Dr. Jim Schwade had a 162 gram slice from the second stone that he received in trade with the Smithsonian. I believe that most of the samples one sees for sale now are from this slice. (My 0.44 gram part slice came from that slice :-)
Don't know how much more, if any, has been deaccessioned by the Smithsonian.
On Sunday, January 18, 2015 12:46 PM, Michael Farmer via Meteorite-list <meteorite-list at meteoritecentral.com> wrote:
None, not a gram.
> On Jan 18, 2015, at 1:42 PM, Shawn Alan via Meteorite-list <meteorite-list at meteoritecentral.com> wrote:
> Hello Frank and Listers
> And its the second stone that was donated to the Smithsonian that is on
> the meteorite market from time to time. I wonder how much of the first
> stone that hit Mrs. Hodges is available to collectors?
> Shawn Alan
> IMCA 1633
> ebay store http://www.ebay.com/sch/imca1633ny/m.html
> Website http://meteoritefalls.com
>> -------- Original Message --------
>> Subject: Re: [meteorite-list] The True Story of Ann Ho dges: History?s
>> Only Meteorite Victim
>> From: Frank Cressy <fcressy at prodigy.net>
>> Date: Sun, January 18, 2015 11:37 am
>> To: Shawn Alan <shawnalan at meteoritefalls.com>, Meteorite Central
>> <meteorite-list at meteoritecentral.com>
>> Hello all,
>> The article isn't clear where the stones are. The meteorite that hit Mrs. Hodges is in the Alabama Museum of Natural History. A second stone (3.75 kg) was purchased by Stuart Perry and donated to the Smithsonian.

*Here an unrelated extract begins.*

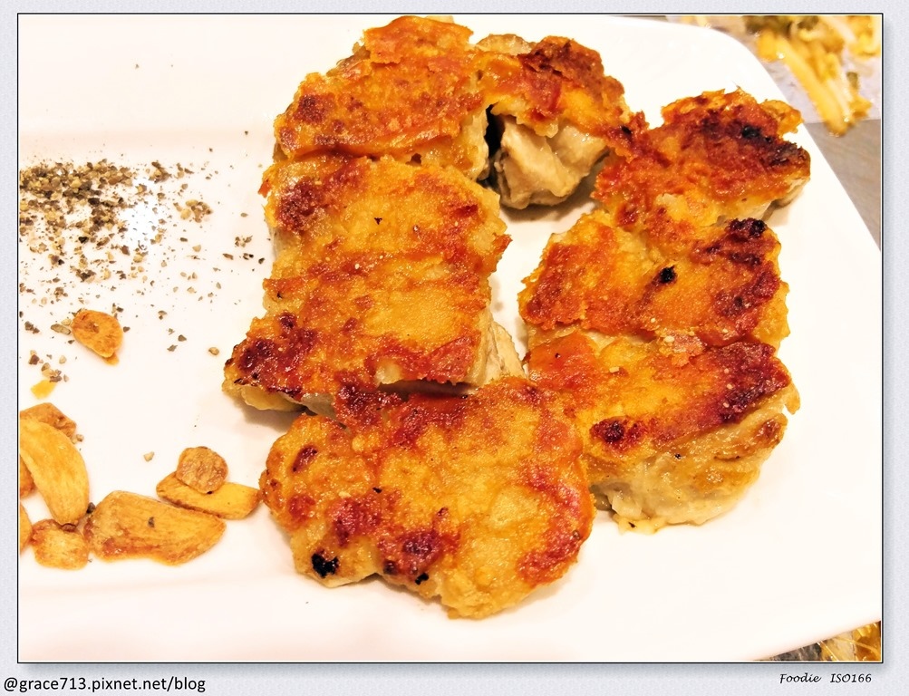 雞腿排, 光用看的就知道酥脆度夠, 其實吃的下的話, 我很愛去鐵板燒點雞腿排, 因為師傅會把雞腿排皮的那面煎的很像炸的一樣酥脆, 這裡一樣把鹽, 胡椒及蒜片放在旁邊, 由客人自己依口味使用, 他在煎時, 我有看到他有灑一點鹽, 但實際吃起來味道偏淡, 所以不沾的話會沒味道, 之前我家附近有間大埔 (關掉了) , 他的雞排都不是大廚煎的, 很常送上來都己經煎過變有些焦了, 這裡是酥脆剛好, 又沒焦, 腿肉部份又很嫩,

>> On Saturday, January 17, 2015 12:23 PM, Shawn Alan via Meteorite-list <meteorite-list at meteoritecentral.com> wrote:
>> Hello Listers
>> I wish I was a victim from a meteorite Lunar fall :)
>> Enjoy the TRUe STORy
>> Shawn Alan
>> IMCA 1633
>> ebay store http://www.ebay.com/sch/imca1633ny/m.html
>> Website http://meteoritefalls.com
>> The True Story of Ann Hodges: History?s Only Meteorite Victim
>> January 16, 2015
>> By First to Know
>> Getting hit by a falling meteor is far more uncommon than getting struck
>> by lighting. How uncommon you might ask?
>> There is only one confirmed person in history to have ever been hit by
>> one. And she had the evidence to prove it.
>> Back in November 1954, Ann Hodges was taking a nap in her Sylacauga,
>> Alabama, home when a rock about 12 inches in circumference came crashing
>> through the ceiling. The meteorite then collided with her thigh, leaving
>> behind a large, conspicuous bruise. Thankfully, it didn?t smash into
>> her head, or the scene would have been much more gruesome.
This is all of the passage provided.